DESCRIPTION OF THE TASK: From the material below, list every line containing "stood".
****************************************
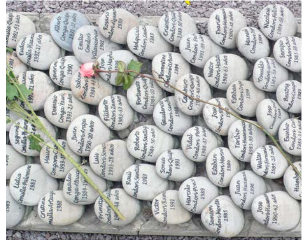
The stones that form the labyrinth bearing the names of the victims, in alphabetical order.

The work's core consists of a huge stone found by the artist close to a pre-Hispanic cemetery in the north of the country, probably discarded by tomb raiders. As such, it is also a symbol of the lack of respect for pre-Hispanic cultures in Peru. Around the stone, 40,000 boulders bearing the names of all the victims have been placed in the form of a labyrinth. A sculptural site that, however, is in constant danger while there is no reconciliation capable of transforming the memory into events, actions, meetings and tributes to overcome pain and do justice. It has been attacked on several occasions and partially destroyed by sympathisers of Fujimori. The work had endured a long path until it was created, during which a ruling by the Inter-American Court of Human Rights, which sentenced the Peruvian state for the killing of 41 terrorists in a prison, gave the order to provide redress for the victims and inscribe their names on the stones of the monument. This decision caused very serious controversy and showed again the breach that still exists in Peruvian society.
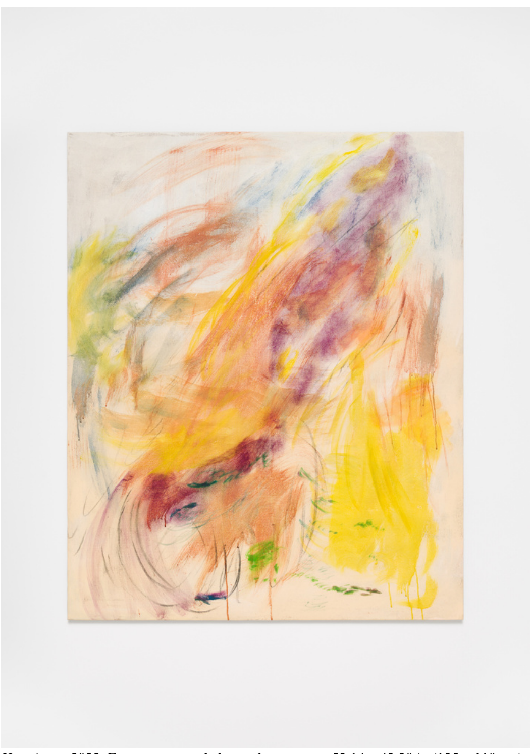
Happiness, 2022. Egg tempera and charcoal on canvas, 53.14 \times 43.30 \text{ in } (135 \times 110 \text{ cm})
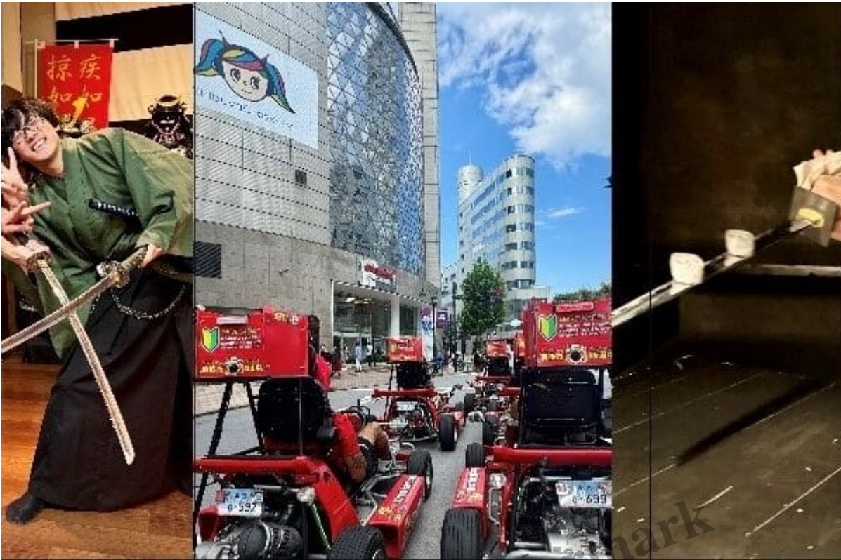
Destinations / Japan
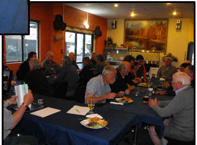
Meal time prior to the Meeting at Waipukurau
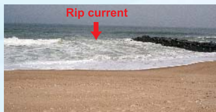
Rip currents often form near coastal structures.
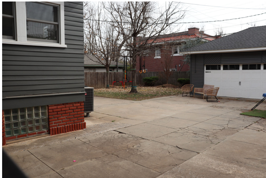
Looking South and East
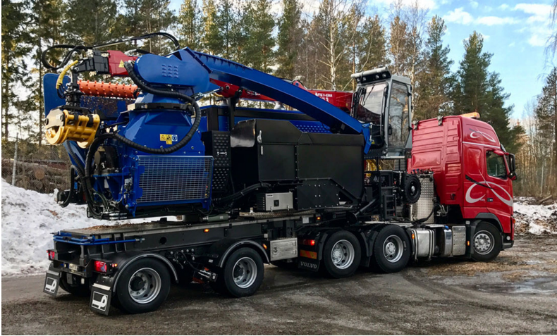
MOBILE CHIPPER 1006.2 ST
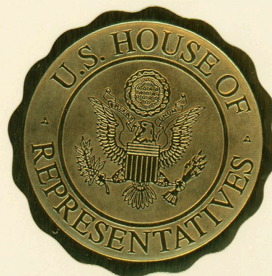
Thomas H. Kean Member of Congress

The past 100 years have served as a reflection of the vibrant legacy that will continue to inspire and shape future generations. The Oak Knoll School of the Holy Child has stood as a testament to a century's worth of educational innovation, resilience, and dedication. May the school's next 100 years be filled with as much success as the past 100 years.
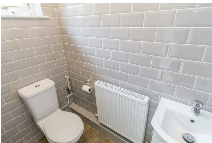
Cloakroom 5'10" x 2'11" (1.78m x 0.89m)

Fitted with a low level WC, hand wash basin set onto a vanity unit, radiator, ceramic wall & floor tiles and an opaque window to the front aspect.
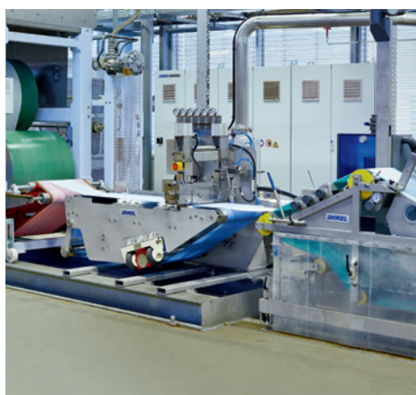
▲ ANDRITZ Küsters technical center in Krefeld

The Elbeuf technical center welcomes customers for demonstrations, trials, and product developments, with the most advanced crosslaid technology. The pilot line is configured with full size industrial machines combining opening and blending, an eXcelle double card including the TT concept, a Dynamic crosslapper, two fabric web drafting units and needle-looms, followed by a semi-automatic winder. A velour structuring machine is also available off-line.
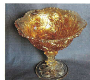
45. POPPY / POTPOURRI
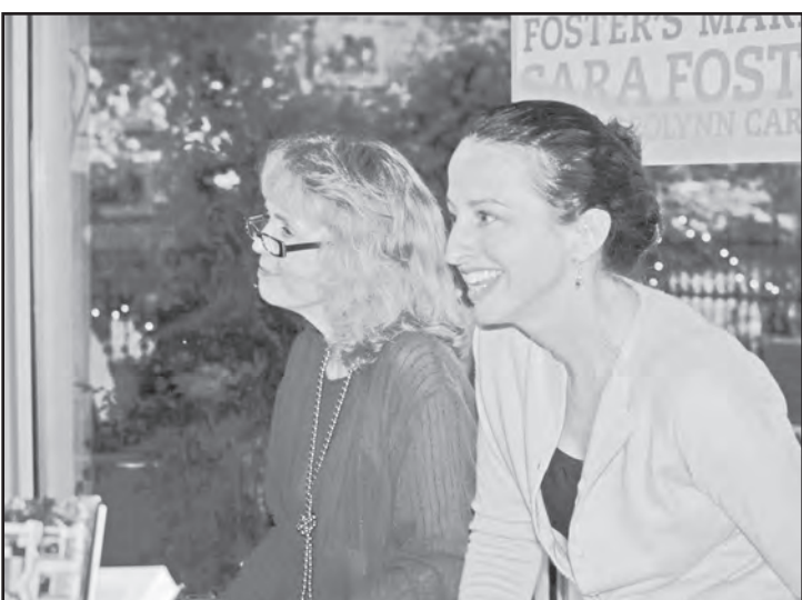
Authors Lee Smith and Haven Kimmel sign books at the Women's Center 'Tea with Lee' event last week.

After Kimmel climbed on the table with a witty remark about the last time she'd stood on a table in a public place, she explained that her purpose in following Smith had been to
****************************************
SOLUTION TO THE PROBLEM:
The past 100 years have served as a reflection of the vibrant legacy that will continue to inspire and shape future generations. The Oak Knoll School of the Holy Child has stood as a testament to a century's worth of educational innovation, resilience, and dedication. May the school's next 100 years be filled with as much success as the past 100 years.
After Kimmel climbed on the table with a witty remark about the last time she'd stood on a table in a public place, she explained that her purpose in following Smith had been to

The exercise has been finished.